Tuesday, 2 January 2018
Blade Runner 2049: How the Costumes Were Made for Survival Not Fashion
Like production designer Dennis Gassner, Renée April also needed a visual cue about the direction of her costume design from Denis Villeneuve. And he gave her the same description about the dystopian world of “Blade Runner 2049”: “Brutal.”
“He said it was worse than the dark and rainy mood of ‘Blade Runner,’ said April, the go-to costume designer for Villeneuve. “They’re in bad shape 30 years later and the earth is not the place to be. It’s more polluted, it’s colder, it’s really kind of dreadful.”

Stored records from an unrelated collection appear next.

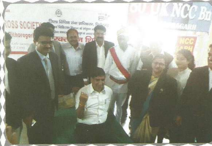
Chairman, DLSA, Pithoragarh during Blood Donation Day
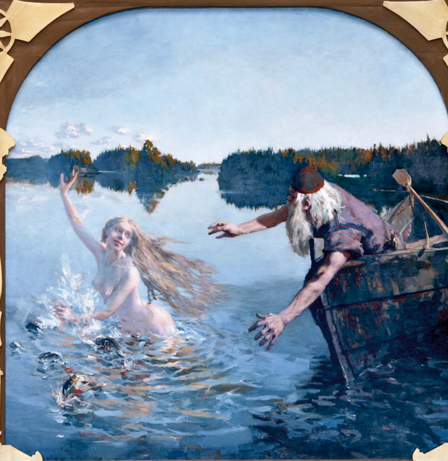
Aino escapes from Väinämöinen's boat.
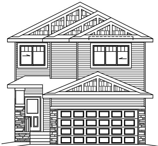
ELEVATION C- UPGRADE

9'-1" CEILING THROUGHOUT, EXCEPT WHERE NOTED
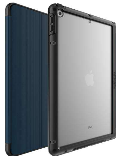
Coastal Evening 77-62047 660543503750
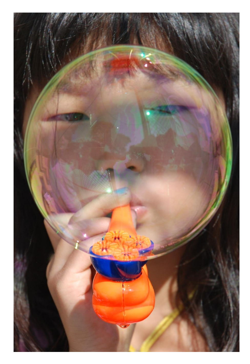
" b " for big...
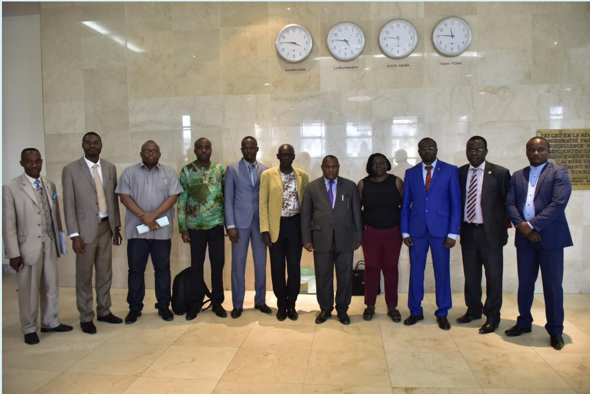
Kinshasa on January 14, 2018 EXECUTIVE SECRETARIAT OF IGF DRC
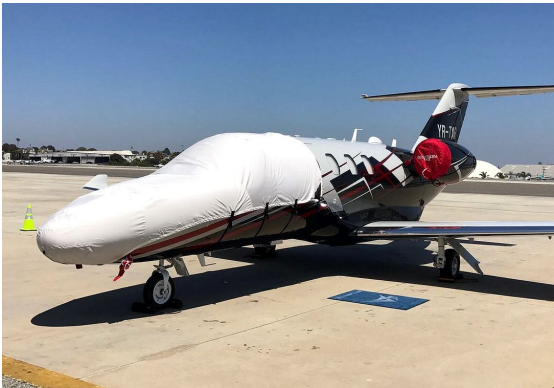
Citationjet CJ1 Cockpit/Nose Cover

This cover type is made from Silver Acrylic Sunbrella canvas and is 100% lined with a soft and smooth microfiber. Bruce's Custom Covers developed this material combination especially for aircraft protection. The outer material is medium weight and treated for water resistance, UV resistance and anti-static buildup. The inner lining is a very soft and smooth microfiber to prevent scratching. The material is very reflective, and tests show that the cabin interior temperature can be reduced to near-ambient temperature on the hottest of days. It is water, ice and snow repellent, yet breathable to allow moisture to escape from between the cover and the aircraft surface.
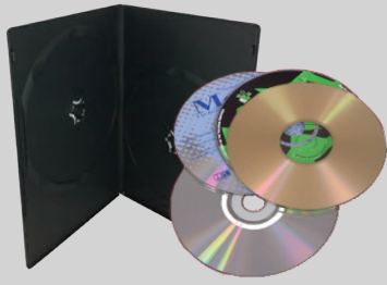
CDs, DVDs, and cases
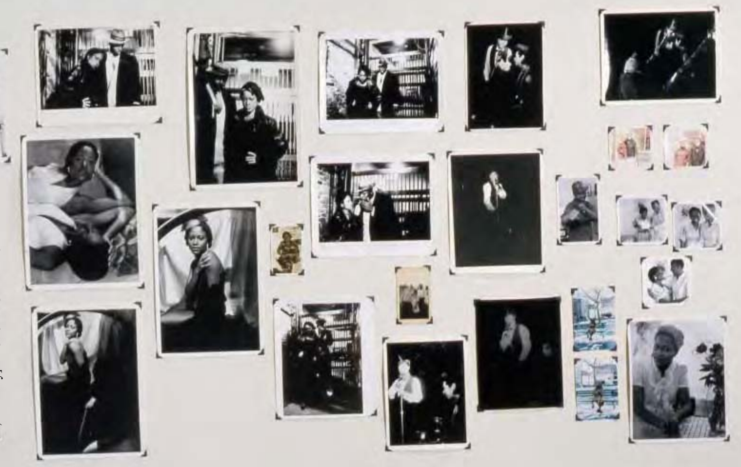
Zoe Leonard, The Fae Richards Photo Archive, 1993–96, gelatin silver prints and chromogenic prints, partial installation view, 1997 Biennial Exhibition, Whitney Museum of American Art, 1997. Whitney Museum of American Art, New York, purchase, with funds from the Contemporary Painting and Sculpture Committee and the Photography Committee 97.51adddd (artwork © Zoe Leonard)

personal life. This is what the "dunyementary" is all about. It is a mixture of the truth and fictions in my life and how they coexist.
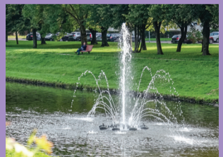
40 VIDUMPĪTE FOUNTAIN AT SHOPPING CENTRE "TOBAGO"
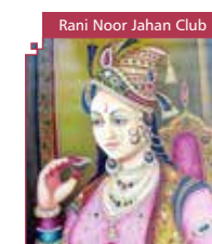
RANI NOOR JAHAN (1577-1645)
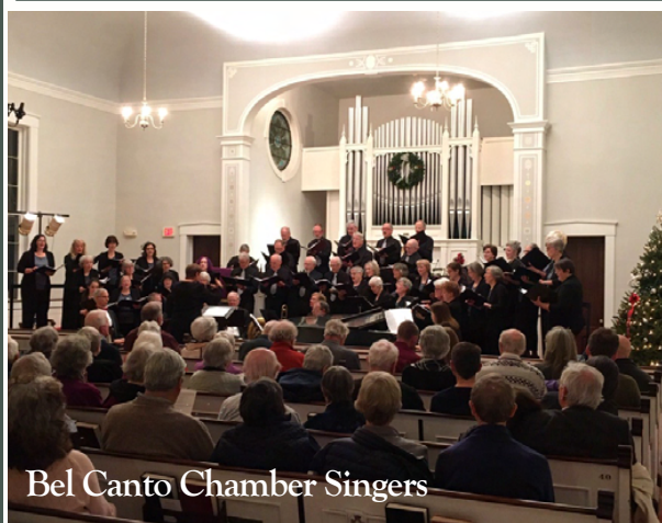
Bel Canto Chamber Singers

FCC is delighted to host this increasingly popular venue for live, local music! An informal "listening room" for established and emerging musicians, each show features several acoustic acts, and patrons may come and go as they wish. Baked goods and non-alcoholic drinks available. And it's all free of charge, so please come and enjoy! For more information, please visit anoncoffee.org or email anoncoffeehouse@gmail.com .
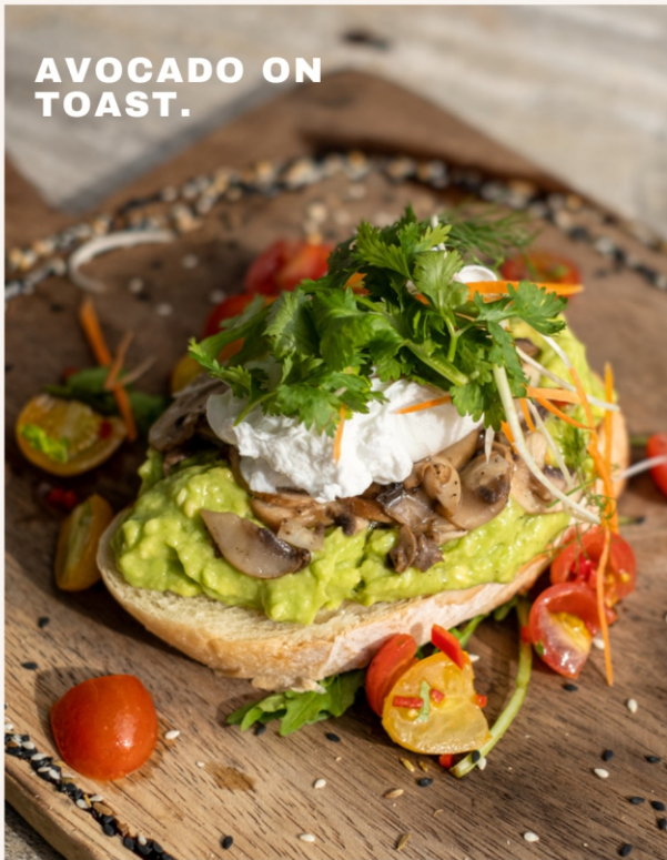
AVOCADO ON TOAST.
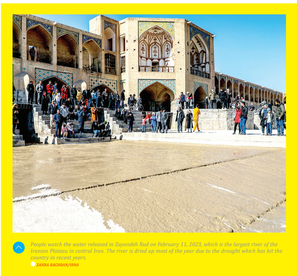
People watch the water released in Zayandeh Rud on February 11, 2023, which is the largest river of the Iranian Plateau in central Iran. The river is dried up most of the year due to the drought which has hit the country in recent years.
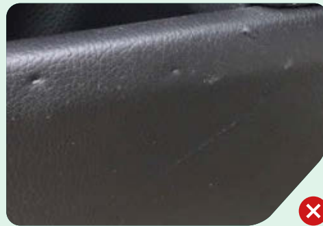
Holes to the interior upholstery and trim and not acceptable.
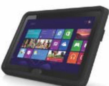
HP ElitePad Rugged Case^
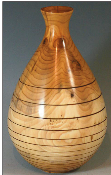
The finished yew vessel.

Les took the session immediately after lunch and showed how to make a hollow, narrow-necked, vessel from a yew log the easy way - by hollowing it in two parts, and gluing it back together once the hollowing was finished. This avoids having to hollow out through the narrow neck. Les disguised the join with burned grooves. Unfortunately there was a crack in the piece of yew, so he took the project home to finish it off with CA glue and copper powder in the crack.
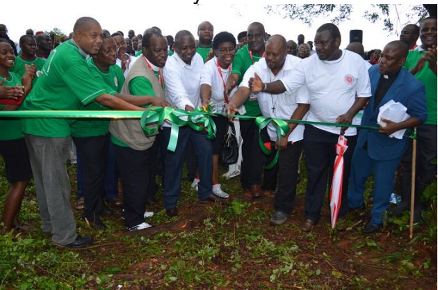
NEMA DG Prof. Geoffrey Wahungu with other dignitaries launching the tree planting exercise at Shanzu TTC in Mombasa

he Kenya Conference of Catholic Bishops (KCCP) launched a tree planting campaign on 25th October 2018 at Shanzu Teachers Training College, in Mombasa County.
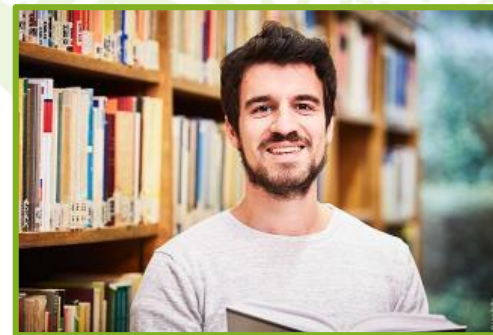
Supply Chain Management
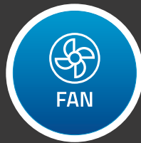
Fan assisted cooling
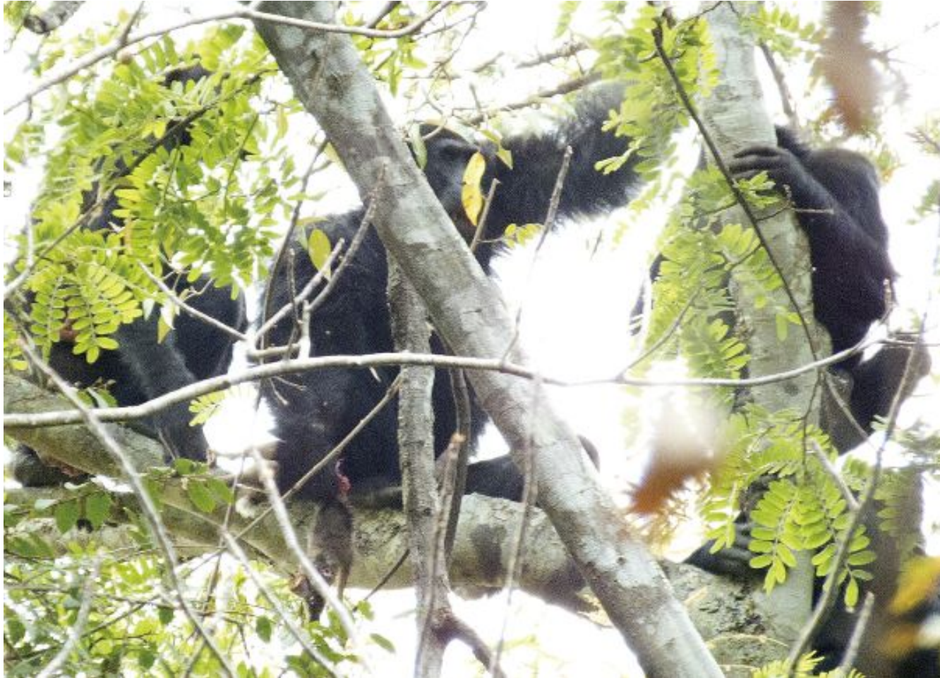
Figure 2. An adult male chimpanzee at Issa holds the blue duiker carcass.

At 0816 h EM and a field assistant encountered a party of at least five individuals who were foraging Julbernardia globliflora fruits in miombo woodland. Researchers followed the party into a riverine forest, with individuals periodically in and out of sight, when they heard a cacophony of chimpanzee vocalizations, including alarm barks. When researchers arrived, they encountered a party of nine chimpanzees and were able to approach within 10 m, although the chimpanzees were obscured in the canopy vegetation. Through a hole in the canopy, they identified an adult male climbing up whilst holding the carcass of a blue duiker in one of his hands (Figure 2). Six other individuals that clustered within 2 m around him followed him. At this time the carcass had already been dismembered, with only a portion remaining with the male in sight. The meat holder fed on and picked at the carcass whilst simultaneously allowing at least one other adult male as well as an adult female and her dependent offspring to feed from the meat by taking some pieces. Selectively, he chased and denied other individuals access to the meat.
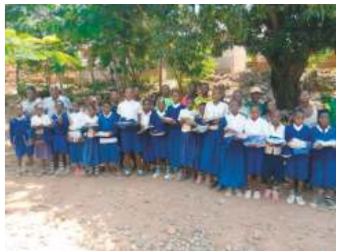
Pupils at Kala Primary School

We have also supported girls at Mkwamba and Mkole Secondary Schools with grants for food each term.
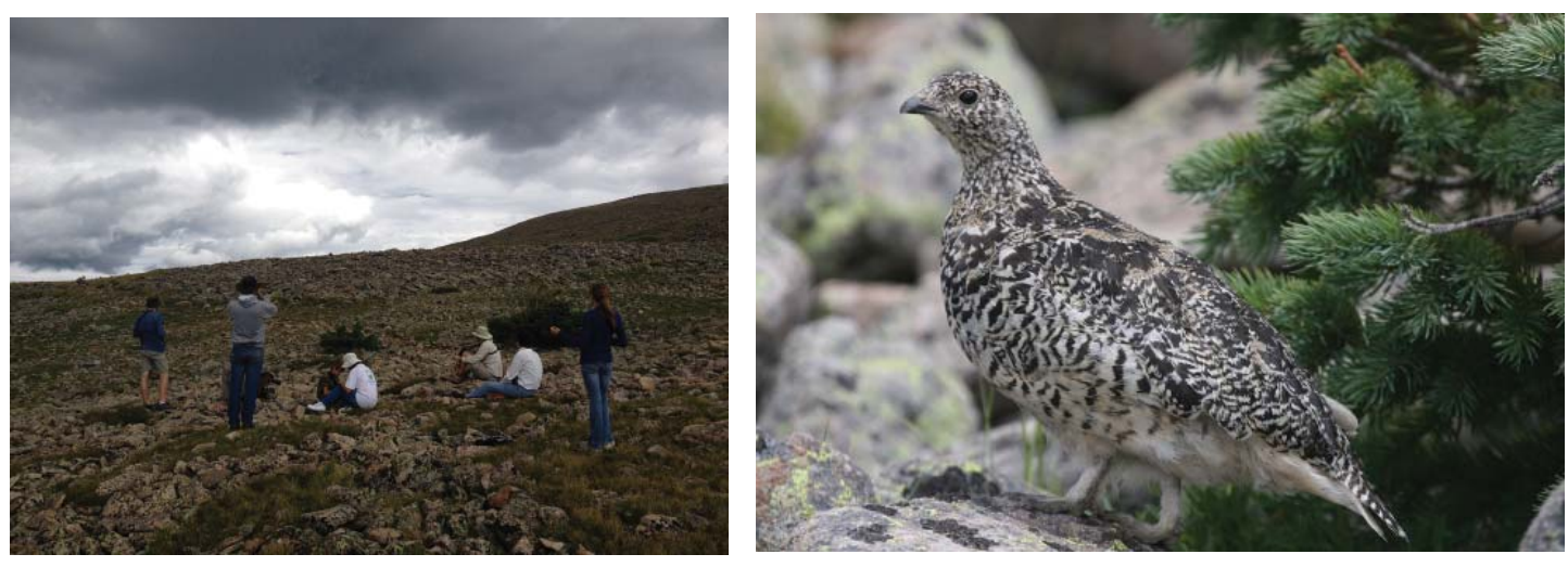
Jicarita Peak Ptarmigan Trek participants

Sixteen participants made the hike up Santa Barbara Ridge to search for White-tailed Ptarmigan. The trip got off to a great start with flyover Red Crossbills and Evening Grosbeaks at the trail head parking lot. We had only made it a little way up the trail when we encountered a nice mixed flock that contained, among other species, Hammond's Flycatcher and the first Townsend's Warblers of fall. As we continued up the mountain the group began to split up but most saw American Three-toed Woodpecker and Gray Jay. When we finally made it above the treeline at the base of the ridge several Pine Grosbeaks allowed close looks and a Clark's Nutcracker flew by. As the group soldiered up the ridge several Wilson's Warblers were seen and we heard many singing White-crowned Sparrows, along with calling Pika and Yellow-bellied Marmots. Fortunately for us several participants made it to the top before the rest of the group and had already found the ptarmigan before everyone else arrived! The whole group was treated to close-up views of a hen and her chick foraging among the boulders as we ate lunch. The last participants to make it up the ridge saw the ptarmigan just as a storm hit and we were forced back down the hill. A total of 38 species were seen on the hike.
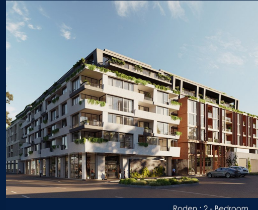
Roden: 2 - Bedroom

“So I took it from there and made it tougher,” she added. “Also, we didn’t want to do something science-fiction. We wanted to do it realistic. I didn’t want costumes with [lots of] zippers and plastic. So my job was to make the characters believable.” In other words, it was more about survival than fashion.
Starting with K’s Coat
April began, appropriately enough, with the black coat worn by Ryan Gosling’s K, the new replicant blade runner. Instead of the noirish trench coat worn by Harrison Ford’s Deckard, she chose a simple, inexpensive coat made of laminated cotton with a fake fur high collar to shield him from the pollution. It’s all he needs to protect him from the brutal climate.
“It’s pretty ugly on purpose,” April said. “As you can see, he’s not making a ton of money, and what he makes, he puts into Joi [his holographic companion played by Ana de Armas]. “I wanted a very clean cut look, almost military. And we could destroy it all along the movie.”